**Dataset extract:**
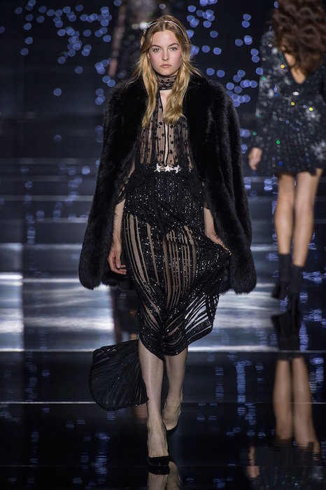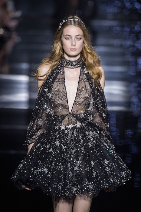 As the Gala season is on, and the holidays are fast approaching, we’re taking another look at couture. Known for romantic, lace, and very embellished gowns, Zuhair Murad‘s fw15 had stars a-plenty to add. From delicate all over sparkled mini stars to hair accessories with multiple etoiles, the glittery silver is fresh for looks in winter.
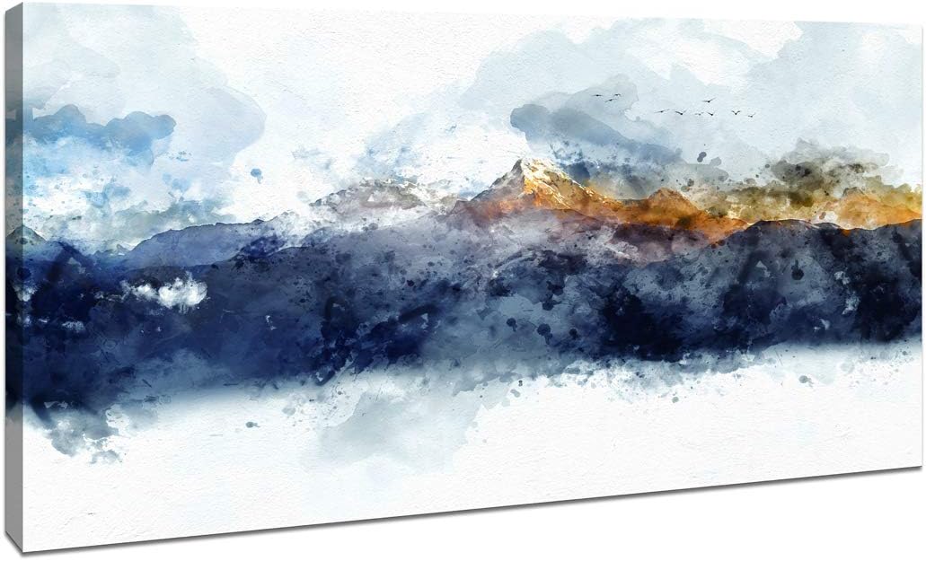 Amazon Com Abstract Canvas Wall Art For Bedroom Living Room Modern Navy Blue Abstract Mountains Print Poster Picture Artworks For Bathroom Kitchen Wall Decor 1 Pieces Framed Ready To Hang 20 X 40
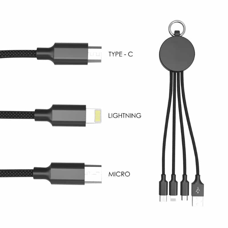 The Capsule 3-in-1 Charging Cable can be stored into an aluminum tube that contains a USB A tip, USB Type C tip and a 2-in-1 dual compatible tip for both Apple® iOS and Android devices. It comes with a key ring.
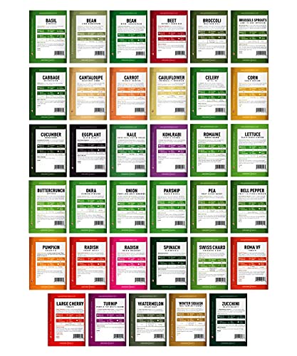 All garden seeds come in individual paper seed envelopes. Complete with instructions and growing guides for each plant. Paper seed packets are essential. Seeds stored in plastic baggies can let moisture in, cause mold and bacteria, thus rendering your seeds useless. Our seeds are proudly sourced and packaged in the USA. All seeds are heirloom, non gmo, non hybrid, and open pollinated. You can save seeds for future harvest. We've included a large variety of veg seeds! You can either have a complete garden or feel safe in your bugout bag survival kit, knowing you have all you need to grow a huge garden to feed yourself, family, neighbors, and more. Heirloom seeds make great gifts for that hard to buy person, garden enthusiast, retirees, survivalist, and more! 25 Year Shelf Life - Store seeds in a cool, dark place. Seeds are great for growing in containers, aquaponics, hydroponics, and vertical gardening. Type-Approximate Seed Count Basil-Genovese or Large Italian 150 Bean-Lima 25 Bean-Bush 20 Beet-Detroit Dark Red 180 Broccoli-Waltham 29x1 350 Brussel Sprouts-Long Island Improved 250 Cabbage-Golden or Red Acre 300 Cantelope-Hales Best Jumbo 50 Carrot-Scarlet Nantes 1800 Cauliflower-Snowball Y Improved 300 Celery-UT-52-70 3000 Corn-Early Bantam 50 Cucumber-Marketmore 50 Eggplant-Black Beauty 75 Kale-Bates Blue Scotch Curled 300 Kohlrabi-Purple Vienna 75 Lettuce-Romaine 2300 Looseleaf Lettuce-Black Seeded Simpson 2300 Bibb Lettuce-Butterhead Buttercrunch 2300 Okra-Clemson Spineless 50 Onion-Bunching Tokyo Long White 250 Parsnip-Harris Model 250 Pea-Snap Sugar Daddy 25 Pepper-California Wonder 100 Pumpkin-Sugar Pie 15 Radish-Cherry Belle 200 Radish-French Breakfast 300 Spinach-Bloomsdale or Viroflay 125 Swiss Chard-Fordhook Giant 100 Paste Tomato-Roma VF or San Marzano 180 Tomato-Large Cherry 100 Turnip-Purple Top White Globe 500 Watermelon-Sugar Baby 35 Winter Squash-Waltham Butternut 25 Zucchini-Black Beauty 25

**Assignment:**
All of the listing is to be written out exactly, with the pictures left out.

**Problem solution:**
 As the Gala season is on, and the holidays are fast approaching, we’re taking another look at couture. Known for romantic, lace, and very embellished gowns, Zuhair Murad‘s fw15 had stars a-plenty to add. From delicate all over sparkled mini stars to hair accessories with multiple etoiles, the glittery silver is fresh for looks in winter.
 Amazon Com Abstract Canvas Wall Art For Bedroom Living Room Modern Navy Blue Abstract Mountains Print Poster Picture Artworks For Bathroom Kitchen Wall Decor 1 Pieces Framed Ready To Hang 20 X 40
 The Capsule 3-in-1 Charging Cable can be stored into an aluminum tube that contains a USB A tip, USB Type C tip and a 2-in-1 dual compatible tip for both Apple® iOS and Android devices. It comes with a key ring.
 All garden seeds come in individual paper seed envelopes. Complete with instructions and growing guides for each plant. Paper seed packets are essential. Seeds stored in plastic baggies can let moisture in, cause mold and bacteria, thus rendering your seeds useless. Our seeds are proudly sourced and packaged in the USA. All seeds are heirloom, non gmo, non hybrid, and open pollinated. You can save seeds for future harvest. We've included a large variety of veg seeds! You can either have a complete garden or feel safe in your bugout bag survival kit, knowing you have all you need to grow a huge garden to feed yourself, family, neighbors, and more. Heirloom seeds make great gifts for that hard to buy person, garden enthusiast, retirees, survivalist, and more! 25 Year Shelf Life - Store seeds in a cool, dark place. Seeds are great for growing in containers, aquaponics, hydroponics, and vertical gardening. Type-Approximate Seed Count Basil-Genovese or Large Italian 150 Bean-Lima 25 Bean-Bush 20 Beet-Detroit Dark Red 180 Broccoli-Waltham 29x1 350 Brussel Sprouts-Long Island Improved 250 Cabbage-Golden or Red Acre 300 Cantelope-Hales Best Jumbo 50 Carrot-Scarlet Nantes 1800 Cauliflower-Snowball Y Improved 300 Celery-UT-52-70 3000 Corn-Early Bantam 50 Cucumber-Marketmore 50 Eggplant-Black Beauty 75 Kale-Bates Blue Scotch Curled 300 Kohlrabi-Purple Vienna 75 Lettuce-Romaine 2300 Looseleaf Lettuce-Black Seeded Simpson 2300 Bibb Lettuce-Butterhead Buttercrunch 2300 Okra-Clemson Spineless 50 Onion-Bunching Tokyo Long White 250 Parsnip-Harris Model 250 Pea-Snap Sugar Daddy 25 Pepper-California Wonder 100 Pumpkin-Sugar Pie 15 Radish-Cherry Belle 200 Radish-French Breakfast 300 Spinach-Bloomsdale or Viroflay 125 Swiss Chard-Fordhook Giant 100 Paste Tomato-Roma VF or San Marzano 180 Tomato-Large Cherry 100 Turnip-Purple Top White Globe 500 Watermelon-Sugar Baby 35 Winter Squash-Waltham Butternut 25 Zucchini-Black Beauty 25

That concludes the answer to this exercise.